• _Your instructions_
Any pictures in the records below must be left out when you repeat the lines from the line containing "tissu en velours" through the line containing "POPO house のキッチンとゲスト用トイレの写真が、照明計画の実例として紹介されています。" exactly.

• _Exercise data_

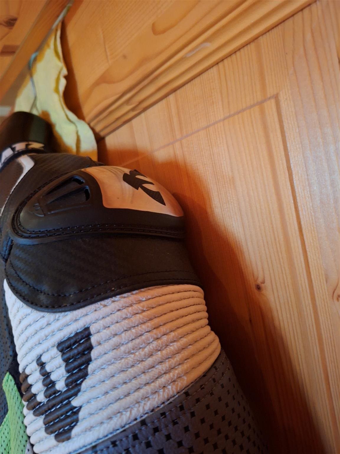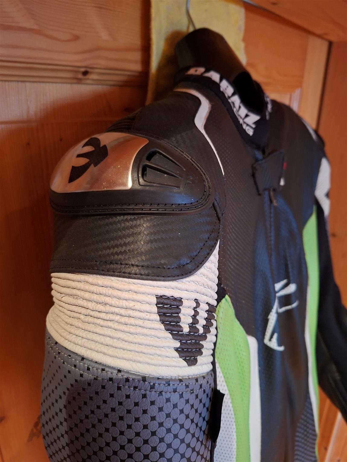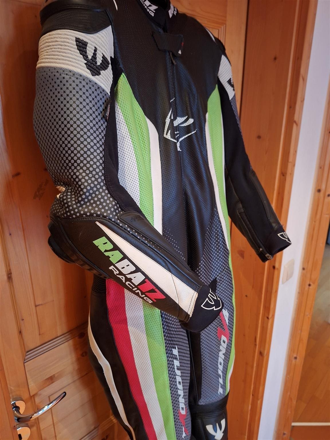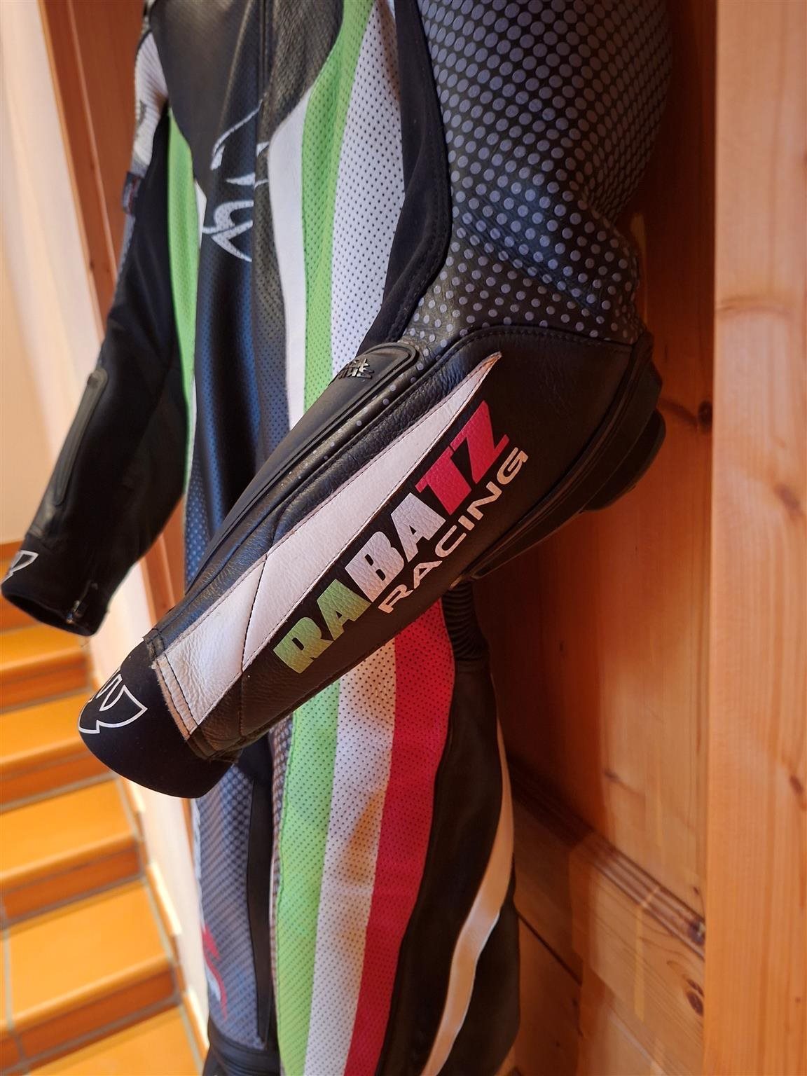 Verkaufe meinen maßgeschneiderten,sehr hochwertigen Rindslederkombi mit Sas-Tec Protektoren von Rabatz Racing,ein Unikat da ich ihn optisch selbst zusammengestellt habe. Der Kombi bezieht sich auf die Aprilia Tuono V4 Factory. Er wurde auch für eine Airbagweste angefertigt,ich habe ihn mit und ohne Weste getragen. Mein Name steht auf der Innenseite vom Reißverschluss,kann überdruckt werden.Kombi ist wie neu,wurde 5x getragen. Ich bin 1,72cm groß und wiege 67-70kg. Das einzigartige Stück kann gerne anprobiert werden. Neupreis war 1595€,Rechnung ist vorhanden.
==
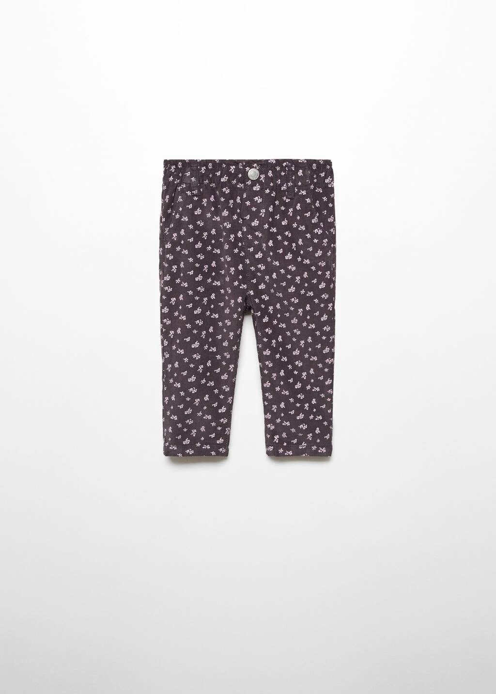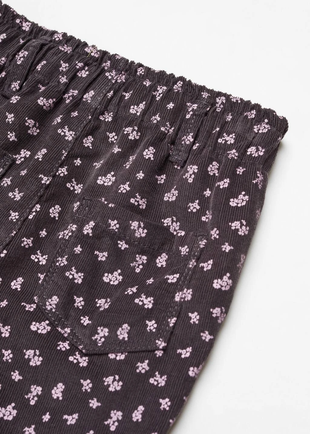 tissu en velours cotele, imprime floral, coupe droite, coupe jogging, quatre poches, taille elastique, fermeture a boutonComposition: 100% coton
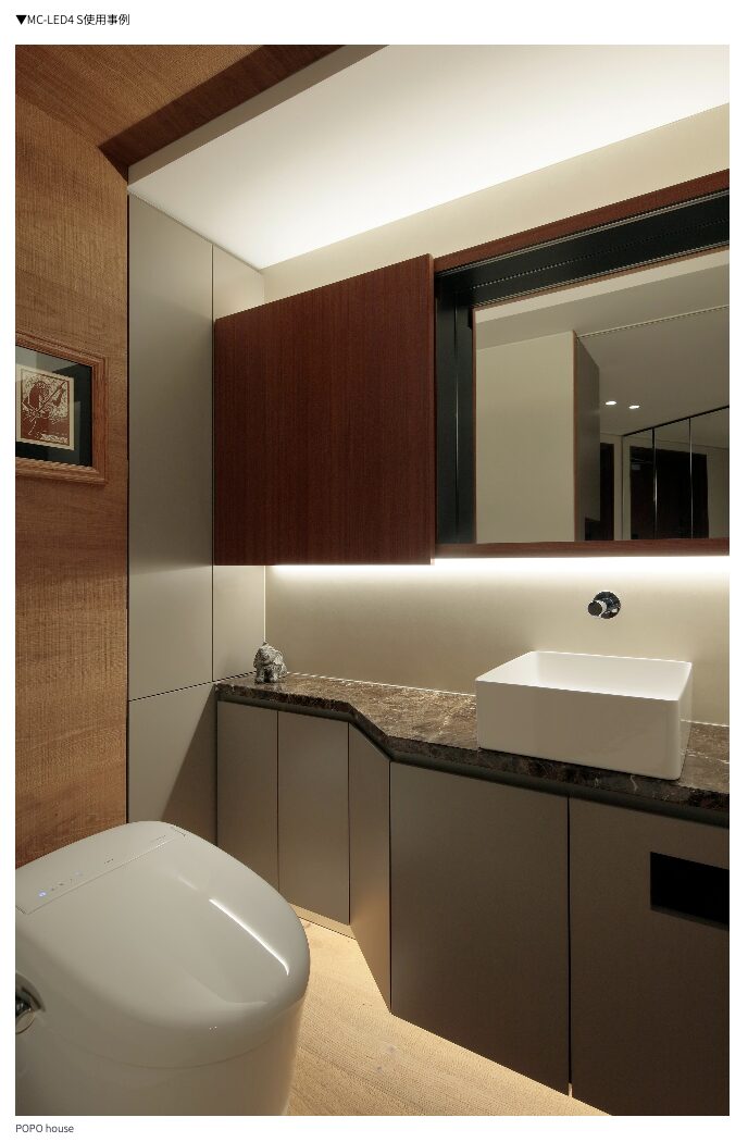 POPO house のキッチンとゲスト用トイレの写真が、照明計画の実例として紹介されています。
---
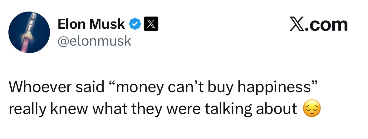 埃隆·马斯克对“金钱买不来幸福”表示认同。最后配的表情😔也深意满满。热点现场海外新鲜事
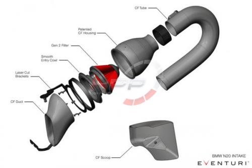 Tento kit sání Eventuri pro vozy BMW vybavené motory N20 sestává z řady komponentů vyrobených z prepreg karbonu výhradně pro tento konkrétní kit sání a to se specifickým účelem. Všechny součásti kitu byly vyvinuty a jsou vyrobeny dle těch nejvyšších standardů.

• _Exercise answer_
 tissu en velours cotele, imprime floral, coupe droite, coupe jogging, quatre poches, taille elastique, fermeture a boutonComposition: 100% coton
 POPO house のキッチンとゲスト用トイレの写真が、照明計画の実例として紹介されています。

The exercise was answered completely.